Thus some of us who are now grandparents remember our own grandparents. (In my case, all four were alive when I was born, but three of the four died before I was Bar Mitzvah.) Now that life expectancy in the United States is about 78, more and more of us will see our grandchildren, and some of us will be lucky enough to see our great-grandchildren.

What is the role of grandparents? The Talmud is very specific about that. Not only do parents have the duty to teach Torah (and the skills to earn a living) to their children; grandparents do too (B. Kiddushin 30a), based on Deuteronomy 4:9: "Make them known to your children and to your children's children!" In our day, that might include helping parents pay tuition for Jewish schools, camps, and youth groups for their grandchildren. Grandparents can feel good about doing that, but not too good because it is not an especially generous act on their part; it is their Jewish legal duty!

 Grandparents, though, can and should have a much more direct and personal influence on their grandchildren. I have been a member of admissions committees for rabbinical school for over forty years, and time and time again applicants mention their grandparents as a major Jewish influence on their lives. Not every Jew should become a rabbi, of course, but this illustrates the immense affect that grandparents can have on the Jewish character of their grandchildren's lives. 
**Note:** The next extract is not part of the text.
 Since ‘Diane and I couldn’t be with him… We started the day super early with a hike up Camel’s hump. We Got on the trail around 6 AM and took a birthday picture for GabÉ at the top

Following the lead of my friend, Dr. Alvin Mars, I now Skype with my nine-year-old grandson who lives across the country in New Jersey each week. We study D'varim (Deuteronomy) together for fifteen or twenty minutes, and then we talk about all kinds of other things. This not only deepens our personal relationships; it also communicates my own commitment to Judaism, and it helps him think about his own Jewish life. Aside from that, it is a sheer delight!
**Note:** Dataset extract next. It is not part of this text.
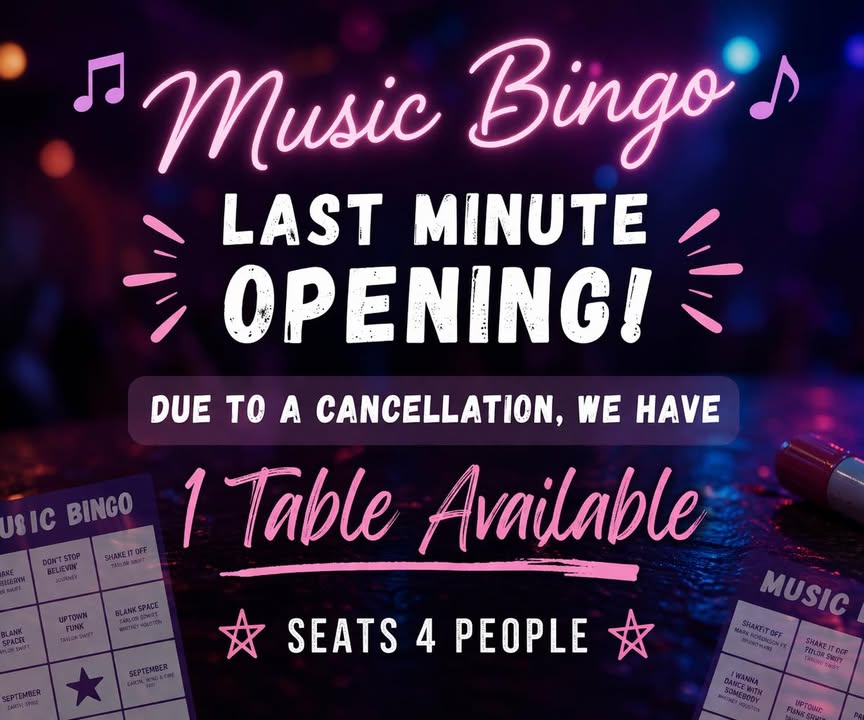 🚨 LAST MINUTE SPACE 🚨 Due to a cancellation, we now have ONE TABLE available for 4 people for Music Bingo! 🎶 These nights always sell out fast, so this is your chance to grab a spot! 👀 Message us ASAP to book before it’s gone! 💨

This becomes even more important when your children have married people of other faiths. How do you model your own Jewish commitments to your grandchildren so that they know about them and seek to figure out their own Jewish identity as they grow? Rabbi Charles Simon, Executive Director of the Federation of Jewish Men's Clubs, and a number of people working with him have produced wonderful materials to help grandparents do that, including Let's Talk About It - A Book of Support and Guidance (on talking with your members of your family who are intermarried) and Intermarriage Concepts and Strategies. Check out the FJMC website to order those materials here.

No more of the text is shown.